- Exercise:
Below, locate the line that contains "Safety Riding Honda". Repeat exactly from that line to the line that contains "Ici ça refend, ça", inclusive, leaving out the pictures.

'''

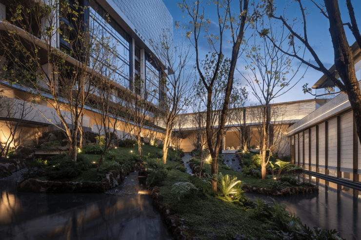 围绕川西主题创新构造自然场景,将川西坡地的层叠韵律、山林的自然野趣渐次引入,营造出“山中有池,池映山色”的野奢秘境。
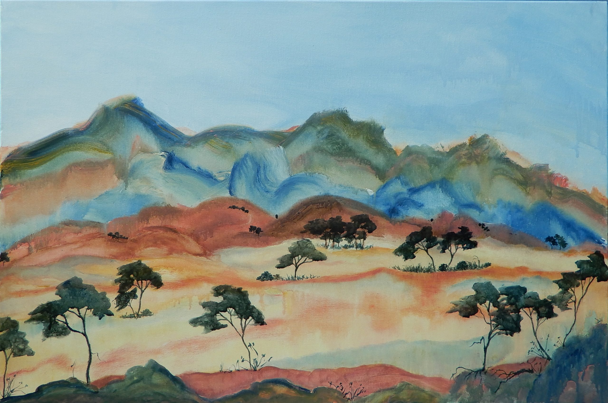 I’ve used a photo taken by a friend in the Flinders Ranges as inspiration for several paintings. I explored the rhythms in the landscape for this version and abstracted colour and form
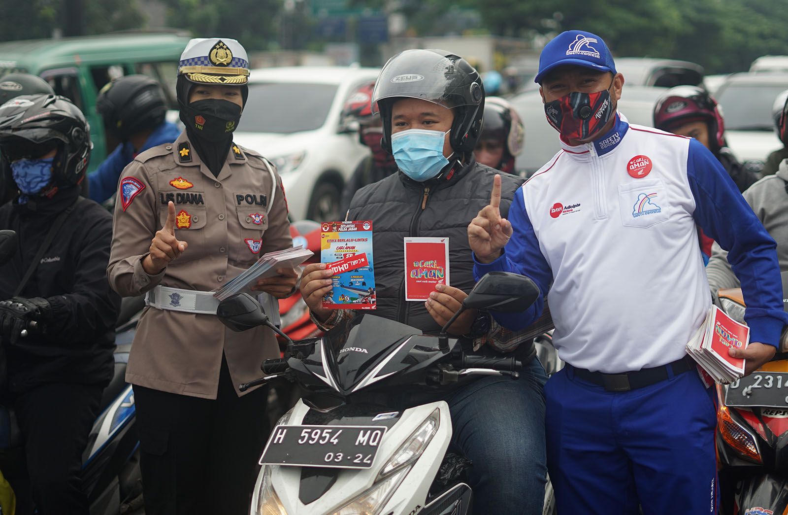 “Tim Safety Riding Honda Jawa Barat bersama dengan Dirlantas Polda Jabar juga memberikan himbauan ke seluruh pengendara di beberapa titik perempatan yang paling banyak terjadi kecelakaan dan terdapat blind spot di wilayah Kota Bandung melalui baliho, spanduk, penyebaran brosur, dan buku pedoman keselamatan berlalu lintas,” ujar Demmy.
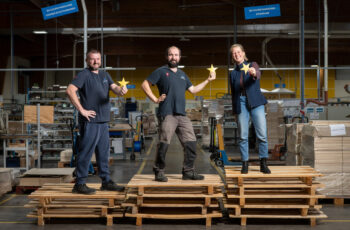 Ici ça refend, ça rabote, ça tronçonne, ça trie, ça contrôle… Ici, c’est la scierie ! C’est dans cet atelier que débute le chemin du bois chez Adam. Six coéquipiers et 3 machines y orchestrent, chaque jour, l’étape initiale de la transformation des près de 30 000 planches de bois brut stockées dans le hangar de l’entreprise. Visite en compagnie de Frédéric, chef d’atelier, et Tommy-Lee, membre de l’équipe.
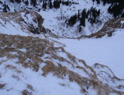 Zu Fuß leicht ansteigend in südlicher Richtung. Die erste markante Rinne zur Traualpe absteigen. VORSICHT: Sehr Lawinengefährlich. Alternativ über den Fall an Abalakov bis zur großen Schneestufe, hier nach Süden den letzten Abbruch umgehen.
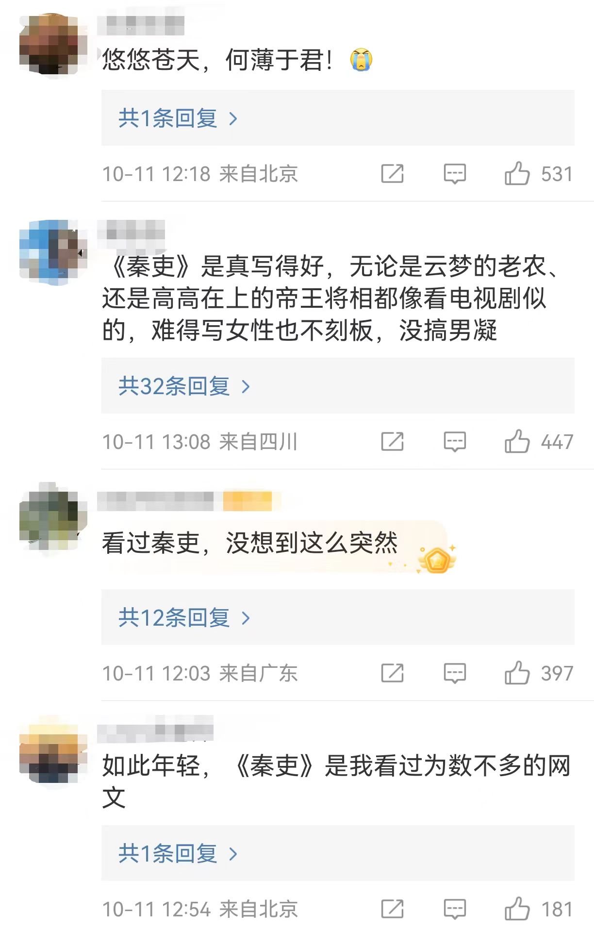 閱文集團(tuán)發(fā)布的訃告里寫道:“七月新番一生赤誠,專注。他有志于循中國歷史脈絡(luò),由遠(yuǎn)及近,針對各個歷史時期完成相應(yīng)的故事創(chuàng)作。為此,他嚴(yán)謹(jǐn)推敲,細(xì)致考據(jù),從極少作家涉足的春秋戰(zhàn)國題材起筆,扎實(shí)書寫秦、漢故事。他所塑造的黑夫、任弘、第五倫等角色,燦爛鮮活,引讀者共鳴、共情,如今中斷于三國篇,我們深感悲痛、遺憾?!?/p>
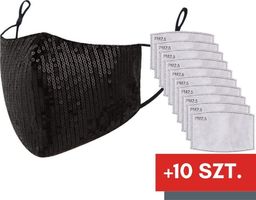 Maska Ochronna z Cekinami Filtr FFP2 N95 PM2.5 Czarna + 10 filtrów
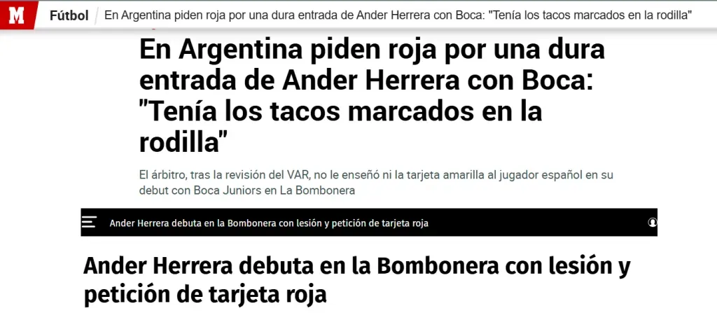 ”Ander Herrera se salva de la expulsión en su debut en la Bombonera”, tituló Mundo Deportivo, que en el interior del artículo le tiró con munición pesada al mediocampista vasco: ”El ex Athletic Bilbao no pesó en el juego, se vio desbordado en el mediocampo y terminó siendo protagonista por una dura infracción que merecía tarjeta roja y ni siquiera fue observada por el VAR”.
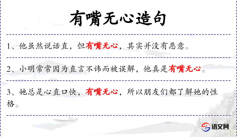 1. 【有嘴无心】 - 犹言有口无心。指不是有心说的。

'''

- Solution:
 “Tim Safety Riding Honda Jawa Barat bersama dengan Dirlantas Polda Jabar juga memberikan himbauan ke seluruh pengendara di beberapa titik perempatan yang paling banyak terjadi kecelakaan dan terdapat blind spot di wilayah Kota Bandung melalui baliho, spanduk, penyebaran brosur, dan buku pedoman keselamatan berlalu lintas,” ujar Demmy.
 Ici ça refend, ça rabote, ça tronçonne, ça trie, ça contrôle… Ici, c’est la scierie ! C’est dans cet atelier que débute le chemin du bois chez Adam. Six coéquipiers et 3 machines y orchestrent, chaque jour, l’étape initiale de la transformation des près de 30 000 planches de bois brut stockées dans le hangar de l’entreprise. Visite en compagnie de Frédéric, chef d’atelier, et Tommy-Lee, membre de l’équipe.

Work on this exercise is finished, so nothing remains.